Harrigan had soon decided the opposite. Griffin was giving a performance many other more highly paid and better-known barristers would have envied. He dealt with the prosecution witnesses clinically, pitilessly destroying their credibility and chipping away at the crown’s supposedly rock-solid case. He represented the victim for what he was: a man with a history as violent as Newell’s. More than once, he had outmanoeuvred the prosecution on points of law. Griffin was well on his way to constructing a convincing argument that Newell had acted in self-defence, that the victim’s death had been the consequence of a series of wild punches thrown in desperation instead of a sustained and brutal beating. Best of all, he had the right judge. Justice Marian O’Connor was scrupulously fair, concerned with the niceties of the law and al
ways leaned towards the benefit of the doubt.
Harrigan would have been worried if there hadn’t been one other person in the courtroom determined to convict the accused—Newell himself. His fair curled hair and good-looking face made him appear less dangerous and damaged than he was, but Harrigan had dealt with men like Newell throughout his years on the job. Their violence was always waiting on a hair trigger. Violence like the kind that was erupting now, with Newell beginning to shout at the prosecution witness, another prisoner who looked like he wanted to be almost anywhere else.
‘You fucking liar. Who paid you to get up there and talk that fucking shit? I’ll get you, you cunt!’
He exploded in the dock, fists flying, wrestling with the guards who pounced on him.

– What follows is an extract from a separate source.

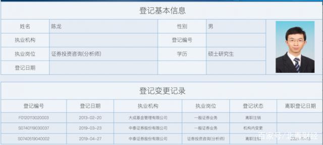 中泰证券方面回应称,陈龙已于去年11月12日从公司离职,公司对网传陈龙相关信息不知情。中证协网站显示,中泰证券研究所原首席策略分析师陈龙已于2021年11月15日从中泰证券离职注销,此后没有在任何证券公司任职。而中泰策略的公众号“修炼投资的水晶球”上显示,陈龙在2021年11月10日之后,就再没有发表过研报。

‘Take him down,’ the judge ordered. ‘Mr Griffin, you can tell your client he is looking at charges of contempt of court at the least. I have to say, his behaviour today is of a piece with his behaviour throughout. As his counsel, you should advise him that treating these proceedings with this degree of contempt does his case no good at all. Court is adjourned until tomorrow.’
The judge’s advice said it all. Griffin might not win the case, but he was skilled enough to get his client a reduced sentence for manslaughter. Newell, on the other hand, was inviting the jury to convict him for cold-blooded murder.
Griffin took the lecture in his stride. He got to his feet with a slight bow. ‘I thank Your Honour for her advice and I will convey it to my client at the first opportunity,’ he said coolly before gathering up his papers.
Harrigan was on his way out of the building when an attendant stopped him and handed him Griffin’s card. Please wait for me at the main entrance, Griffin had written on the back. I want to talk to you.
He’d been noticed after all. Harrigan felt an unpleasant spark of dread. Newell was connected to matters too private and sensitive for him to meet his defence counsel without wondering what might be in the man’s mind. Who knew what had passed between them as client and barrister? If any of Grace’s past history with Newell was ever made public, she would find it devastating. Supposedly Griffin would be bound by client confidentiality, but if so, why ask to see him?